= What you should do =
Using the records below, filter for lines that contain the string "with" and copy them out.

= Available records =
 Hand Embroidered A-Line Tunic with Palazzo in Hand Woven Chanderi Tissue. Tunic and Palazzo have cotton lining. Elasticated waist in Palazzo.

--

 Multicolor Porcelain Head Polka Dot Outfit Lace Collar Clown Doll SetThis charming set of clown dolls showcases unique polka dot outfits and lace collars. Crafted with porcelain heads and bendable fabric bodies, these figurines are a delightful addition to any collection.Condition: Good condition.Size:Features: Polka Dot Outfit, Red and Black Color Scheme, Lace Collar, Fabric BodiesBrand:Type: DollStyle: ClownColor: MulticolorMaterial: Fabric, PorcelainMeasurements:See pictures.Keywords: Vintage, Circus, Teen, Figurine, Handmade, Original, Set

--

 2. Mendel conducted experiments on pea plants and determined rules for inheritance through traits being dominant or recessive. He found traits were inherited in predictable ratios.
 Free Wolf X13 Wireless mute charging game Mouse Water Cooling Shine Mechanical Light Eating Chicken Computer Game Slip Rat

= Your response =
 Hand Embroidered A-Line Tunic with Palazzo in Hand Woven Chanderi Tissue. Tunic and Palazzo have cotton lining. Elasticated waist in Palazzo.
 Multicolor Porcelain Head Polka Dot Outfit Lace Collar Clown Doll SetThis charming set of clown dolls showcases unique polka dot outfits and lace collars. Crafted with porcelain heads and bendable fabric bodies, these figurines are a delightful addition to any collection.Condition: Good condition.Size:Features: Polka Dot Outfit, Red and Black Color Scheme, Lace Collar, Fabric BodiesBrand:Type: DollStyle: ClownColor: MulticolorMaterial: Fabric, PorcelainMeasurements:See pictures.Keywords: Vintage, Circus, Teen, Figurine, Handmade, Original, Set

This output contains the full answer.